Литмир - Электронная Библиотека
Содержание  
A
A

Даже если и предположить, что Елену Сергеевну к Булгакову «приставили» от ОГПУ, а такая версия существует, она была высказана старшей невесткой Елены Сергеевны, Д. Э. Тубельской, которая писала: «Сейчас произнесу крамольнейшую мысль, пришедшую мне в голову, – а не имела сама Елена Сергеевна особого задания? Вполне допускаю, что на первых порах она холодно принимала любовь М. А., выполняя некое задание, а затем искренне полюбила его сама и посвятила ему всю свою жизнь» [75], – так вот если эту фантазию на минуту и допустить, все равно в их встрече был перст судьбы, пославшей своему испытуемому утешение и поддержку, да и недаром Е. С. Булгакова говорила: «Очевидно, все-таки это была судьба». Однако об этом очень важном сюжете – позднее, а пока обратимся к театральной участи героя, в которой, по воспоминаниям современников, прочитывался тот же мотив глубоко спрятанных душевных страданий.

«Булгаков ни разу не обмолвился о себе или о своих интересах. Его мучило то положение, в которое он, как казалось, невольно ставил театр, – вспоминал Е. Калужский. – В то время на Художественный театр было и без того много нападок за его якобы отставание от современности, неспособность отобразить ее, за мертвую академичность. Михаил Афанасьевич похудел, осунулся, во взгляде появилась настороженность и печаль. <…> Встречаться и видеть Михаила Афанасьевича стало просто тяжело. Держался он всегда мужественно, корректно и достойно, но глаза выдавали глубокую печаль. Юмор стал горьким и каким-то унылым. Это был один из труднейших, если не самый трудный период жизни Булгакова-писателя. Отношения его с Художественным театром в то время складывались по-разному. Возможно и даже наверное, у Михаила Афанасьевича в сердце были претензии к театру за его осторожность и недостаточно энергичную борьбу за пьесы.

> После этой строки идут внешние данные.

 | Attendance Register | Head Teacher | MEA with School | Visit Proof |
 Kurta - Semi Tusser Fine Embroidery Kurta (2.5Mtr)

Громадная выдержка, сила воли и уважение к театру и его основателям никогда бы не позволили ему высказать что-нибудь подобное. Его неудовлетворенность скорее угадывалась» [32; 248].

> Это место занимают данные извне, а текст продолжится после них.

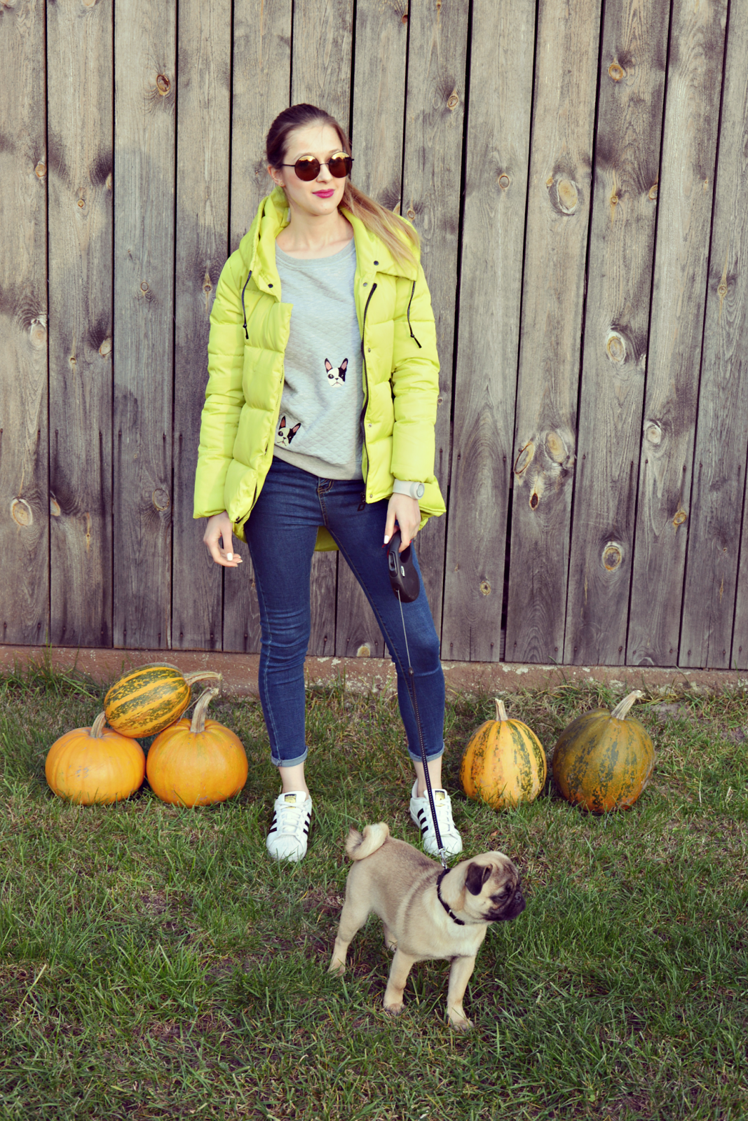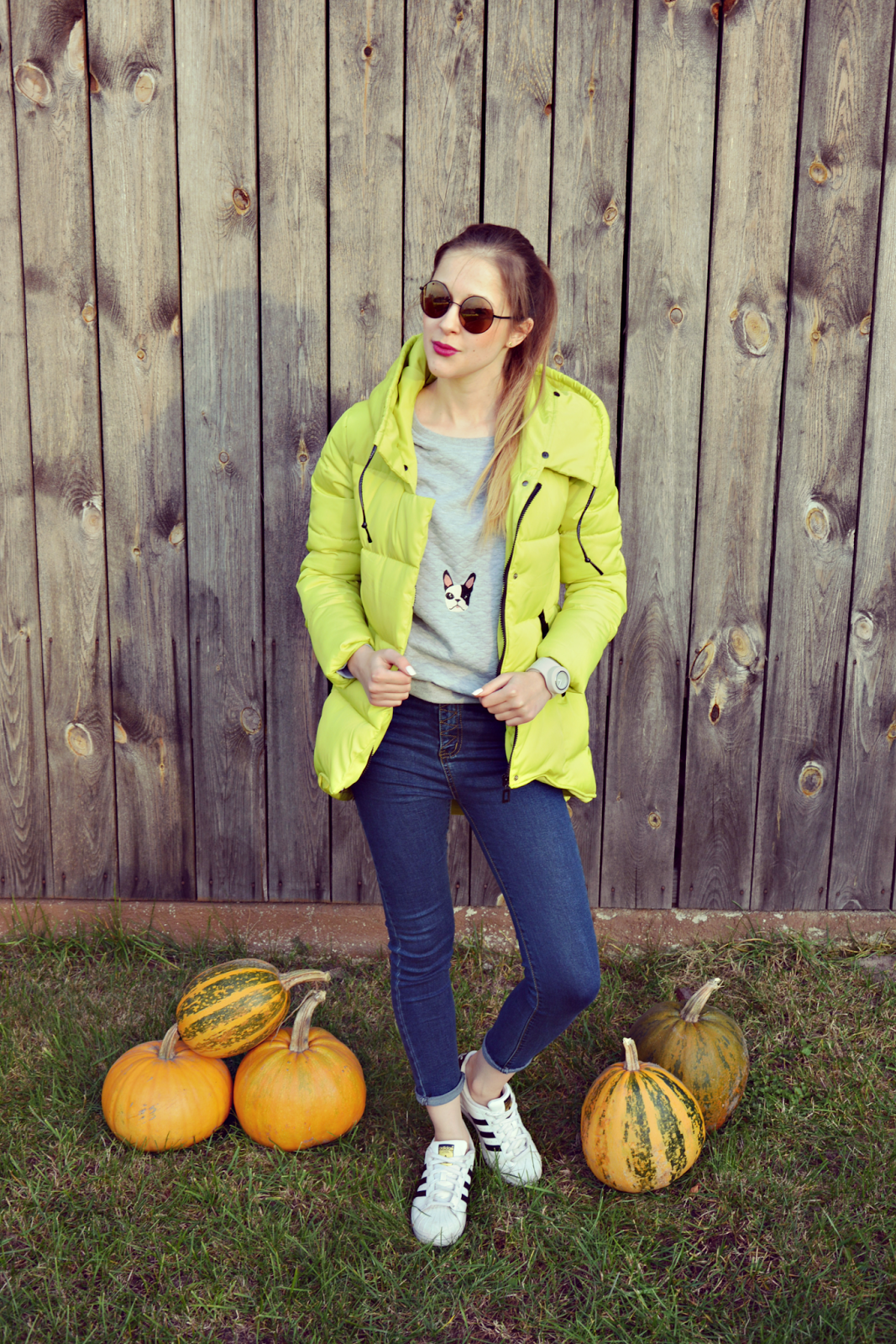 Kurtka w kolorze limonki jest wam za pewne dobrze znana. Rzuca się w oczy więc już dwie osoby stojące na przystanku, czy jadące w autobusie w takiej kurtce to już tłum hehe Nie dziwie się jednak, że wiele osób zaryzykowało i wybrało właśnie ten fason i ten kolor. Mi samej strasznie się ta kurtka podoba, ponura pogoda i tak daje za dużo szarości. Promienny akcent w postaci kurtki na mnie samą działa bardzo pozytywnie. Wygodne jeansy (TUTAJ) z pięknie wykończonym pasem oraz bluza w buldożki francuskie (TUTAJ) to duet idealny na spacery z moim pasiakiem. Na nogach oczywiście wygodne Adidasy. Nieodzowny element jesiennych stylizacji to oczywiście zegarek. Sprawi, że wrócimy do domu na czas, nie przesadzimy z długością jesiennych spacerów, nie spóźnimy się na spotkanie oraz oczywiście pozwolą kontrolować czas przez długie, jesienne wieczory. Mój numer jeden to zegarek marki SLAP Watch Poland. W pięknym odcieniu szarości. SLAP to innowacyjne rozwiązanie jeśli chodzi o zegarki ale o tym w jednym z najbliższych postów.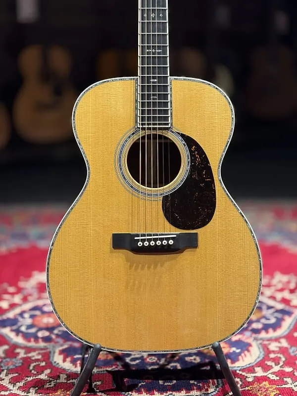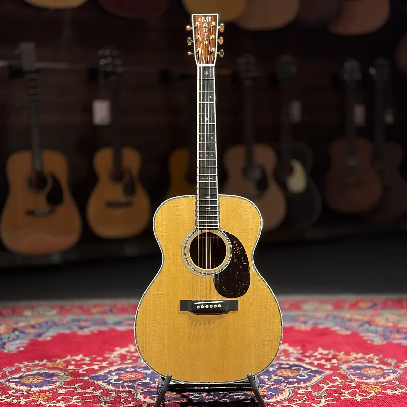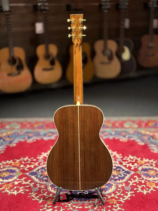 Изысканно украшенная модель 000 с задней и боковыми панелями из индийского палисандра, верхняя дека из ели с распорками X и соединением грифa с корпусом в виде шипа. Открытые колки, антикварная окантовка, глянцевое покрытие и инкрустация из абалона на верхней деке создают изысканный стиль с насыщенным сложным звучанием. Короткая мензура и узкий гриф с низким овалом и плавным сужением.

Все это звучит обтекаемо и красиво, но не передает и десятой доли того драматизма, который пережил Булгаков в романе с Художественным театром. Он чувствовал себя так, как будто от него отреклись, бросили, предали. Однако беда пришла не одна… Непоставленный «Бег» утянул за собой те три пьесы, что шли на московских сценах, давая автору и прочность положения, и доходы, и уверенность в себе. Сняли «Зойкину квартиру» и «Дни Турбиных», затем запретили «Багровый остров». К лету 1929 года Булгакова-драматурга не стало, как не стало несколькими годами раньше Булгакова-прозаика. Итогом этого разгрома можно считать сухую справку, которая по итогам года катастрофы была выдана Булгакову в Драмсоюзе (том самом, где ему угрожал допросом П. Е. Щеголев):

«Справка

Дана члену Драмсоюза М. А. Булгакову для представления Фининспекции в том, что его пьесы 1. „Дни Турбиных“, 2. „Зойкина квартира“, 3. „Багровый остров“, 4. „Бег“ запрещены к публичному исполнению (см. Репертуарный указатель Главного Комитета по контролю за репертуаром за 1929 г., стр. 27).

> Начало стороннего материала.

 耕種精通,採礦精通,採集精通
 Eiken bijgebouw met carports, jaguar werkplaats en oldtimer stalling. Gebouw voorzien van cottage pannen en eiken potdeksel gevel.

Член Правления Потехин[64].

Управляющий делами Шульц» [131; 171].

Так убивали Михаила Булгакова…

Долгое время было принято считать, что снятие с репертуара пьесы «Дни Турбиных» укладывалось в общее русло политики ужесточения коммунистического режима в год «великого перелома». Хотя неясность оставалась. Почему в начале февраля 1929-го Сталин в письме Билль-Белоцерковскому высказался в защиту «Турбиных», а уже в марте пьеса была снята с репертуара? Уж наверное не без ведома ее главного поклонника.

Более или менее полная картина изгнания «Турбиных» из Художественного театра стала известна только в наше время, после того как была опубликована стенограмма состоявшейся 12 февраля 1929 года в рамках Недели украинской литературы встречи генерального секретаря ВКП(б) с группой украинских писателей. Документ настолько важный, что есть смысл привести максимально полно те фрагменты, которые имеют прямое отношение к судьбе «Турбиных».

«Сталин. <…> Или взять, например, этого самого всем известного Булгакова. Если взять его „Дни Турбиных“, чужой он человек, безусловно. Едва ли он советского образа мысли. Однако своими „Турбиными“ он принес все-таки большую пользу, безусловно.

Каганович. Украинцы не согласны (шум, разговоры).

Сталин. А я вам скажу, я с точки зрения зрителя скажу. Возьмите „Дни Турбиных“. Общий осадок впечатления у зрителя остается какой (несмотря на отрицательные стороны, в чем они состоят, тоже скажу), общий осадок впечатления остается какой, когда зритель уходит из театра? Это впечатление несокрушимой силы большевиков. Даже такие люди, крепкие, стойкие, по-своему честные, в кавычках, должны признать в конце концов, что ничего с этими большевиками не поделаешь. Я думаю, что автор, конечно, этого не хотел, в этом он неповинен, дело не в этом, конечно. „Дни Турбиных“ – это величайшая демонстрация в пользу всесокрушающей силы большевизма.

Голос с места: И сменовеховства.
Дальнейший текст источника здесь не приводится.